Information supplied section start

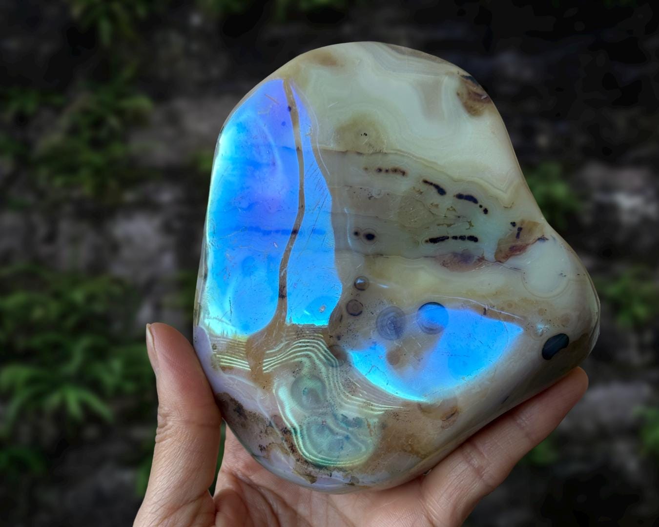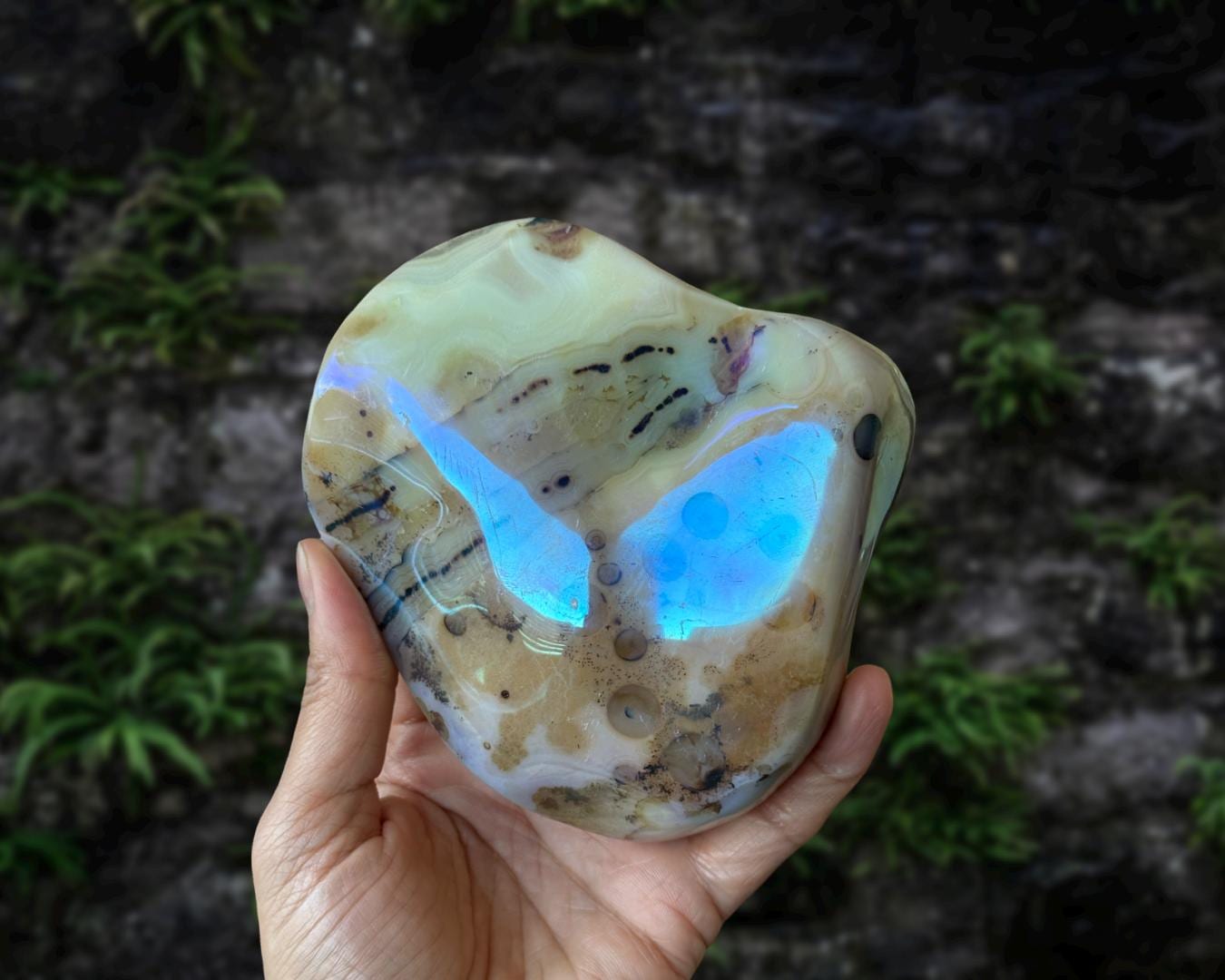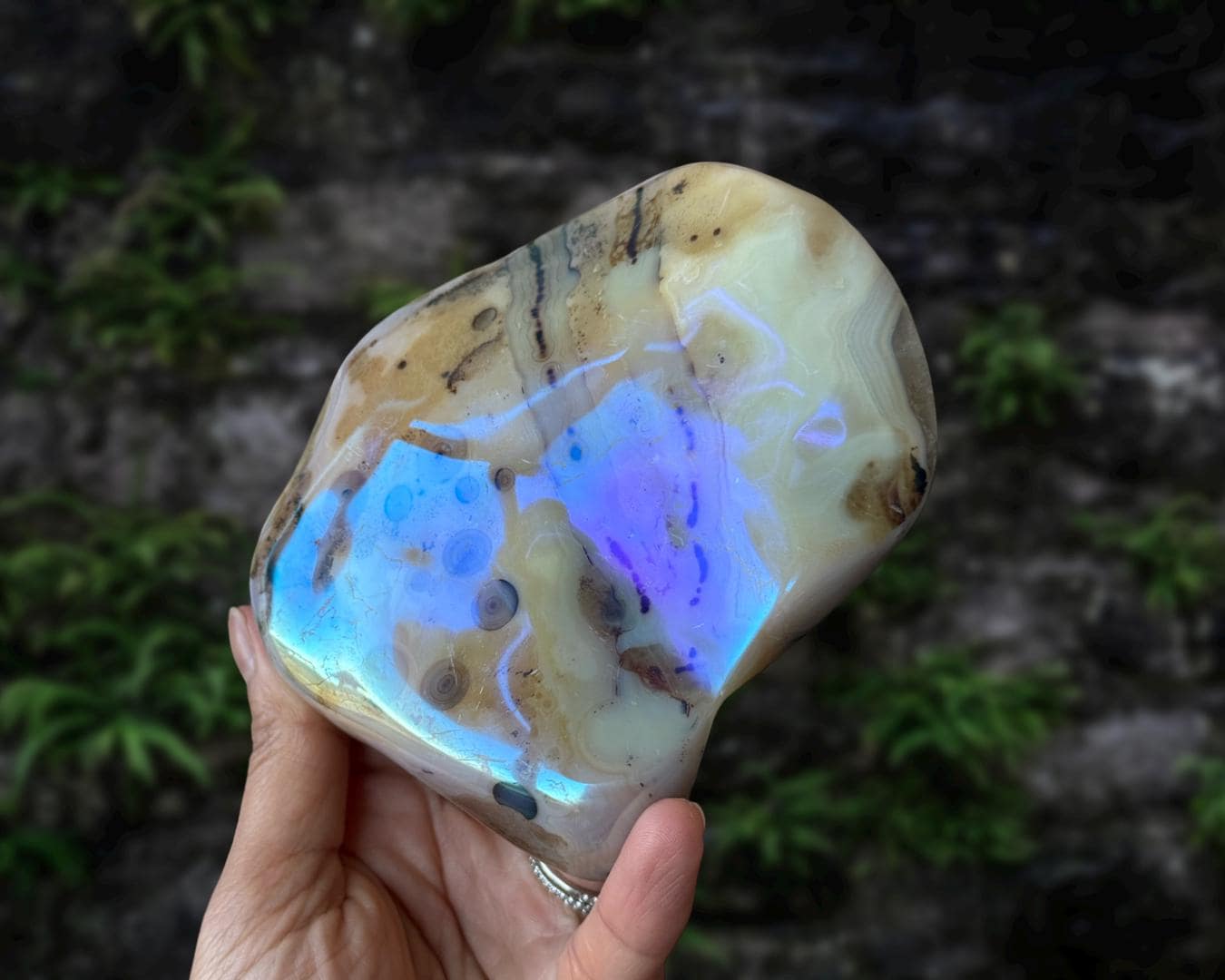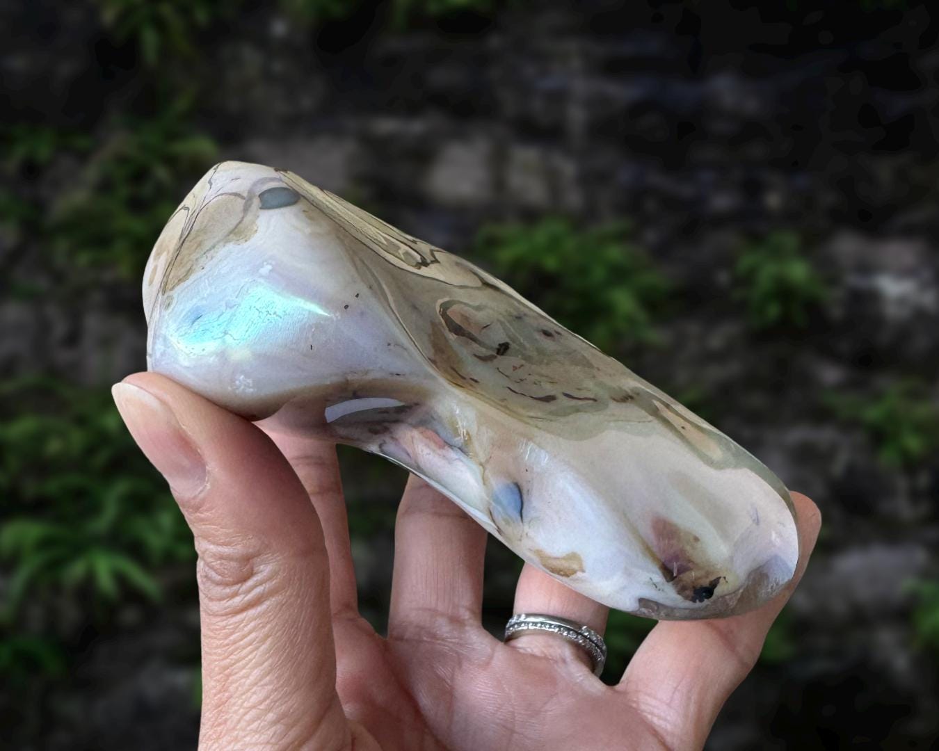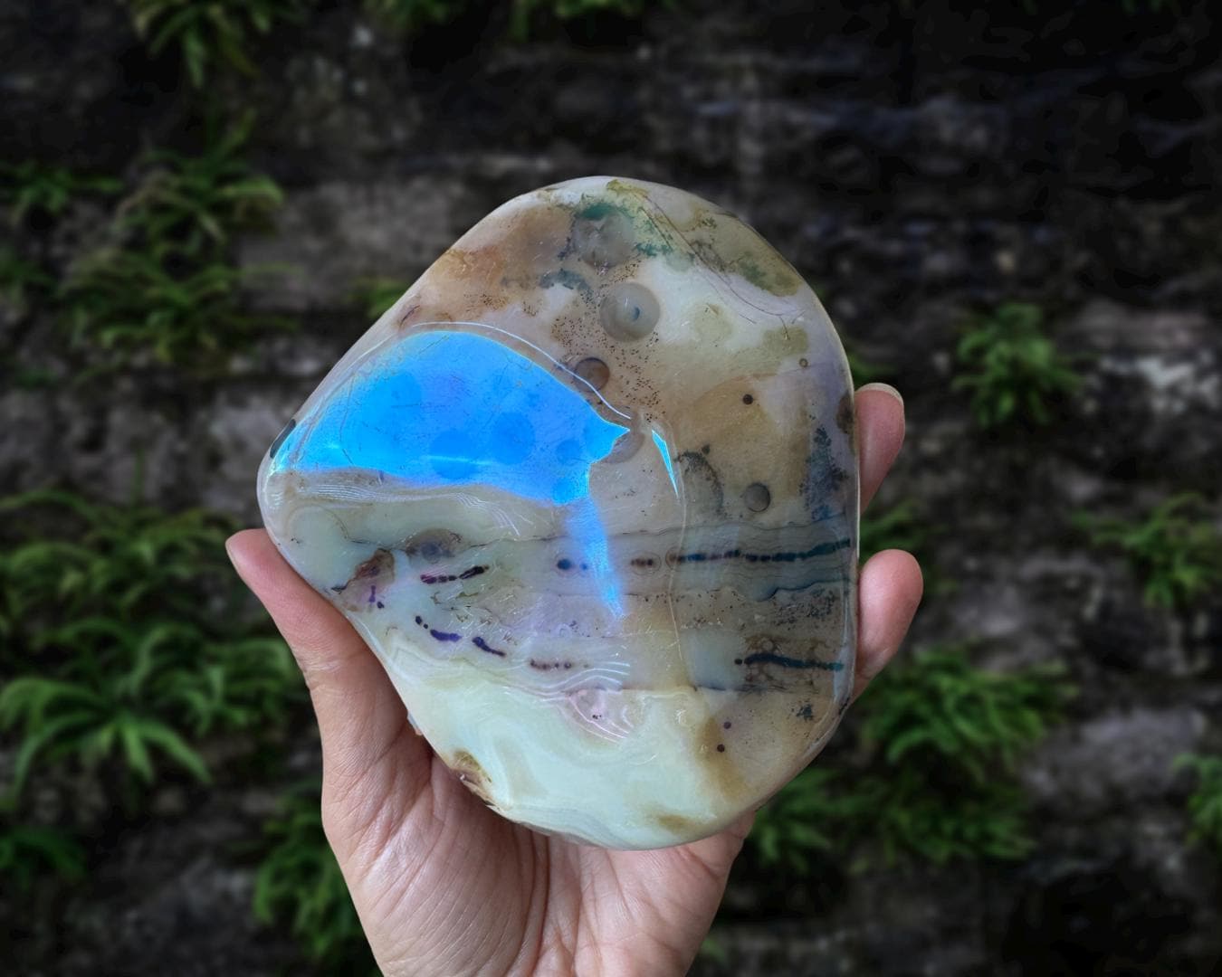 Listing information: Aura Moss Agate Free Form Crystal. Approx. 4.7 (L) x 4.3 (W) x 1.4 (H) inches, 565 grams.
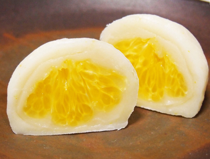 みずみずしい八朔を白餡で包み、さらにみかんの皮を練り込んだ「みかん餅」でふんわりと包み込むことで、三つの素材が織りなす上品な味わいが生まれます。
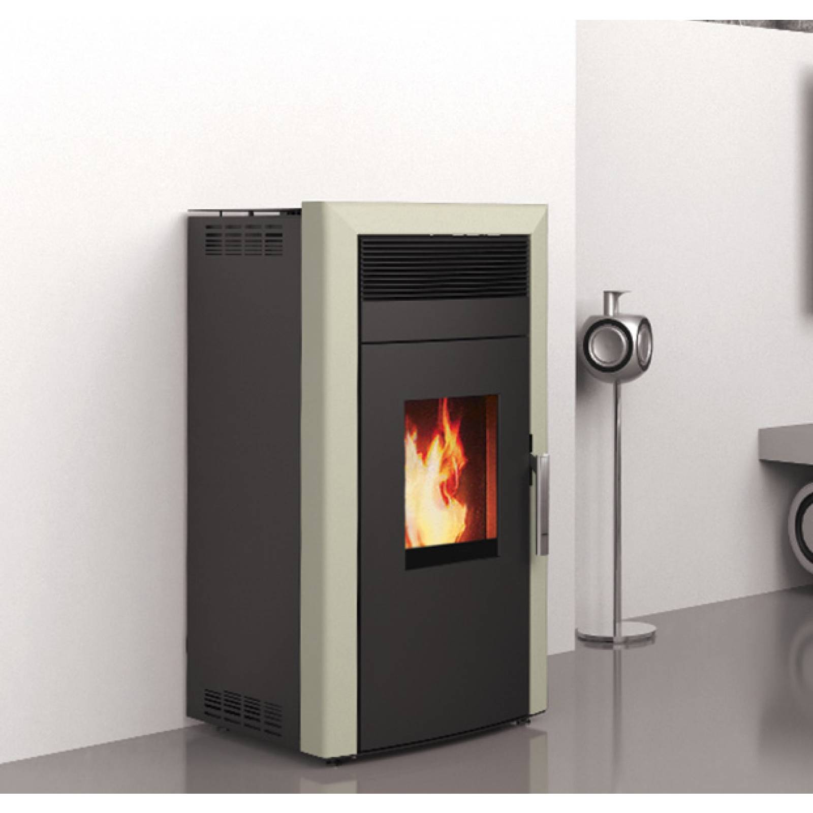 Côté esthétique : le modèle est bien ajusté. Son design moderne facilite une intégration harmonieuse dans tous les intérieurs. Son gabarit compact assure un gain de place, tout en disposant d’un réservoir à granulés de forte capacité (45 kg) pour plus d’autonomie (jusqu’à 30h).

Information supplied section end

● What the exercise asks: Apart from the pictures, repeat the data above exactly.

● Task answer:
 Listing information: Aura Moss Agate Free Form Crystal. Approx. 4.7 (L) x 4.3 (W) x 1.4 (H) inches, 565 grams.
 みずみずしい八朔を白餡で包み、さらにみかんの皮を練り込んだ「みかん餅」でふんわりと包み込むことで、三つの素材が織りなす上品な味わいが生まれます。
 Côté esthétique : le modèle est bien ajusté. Son design moderne facilite une intégration harmonieuse dans tous les intérieurs. Son gabarit compact assure un gain de place, tout en disposant d’un réservoir à granulés de forte capacité (45 kg) pour plus d’autonomie (jusqu’à 30h).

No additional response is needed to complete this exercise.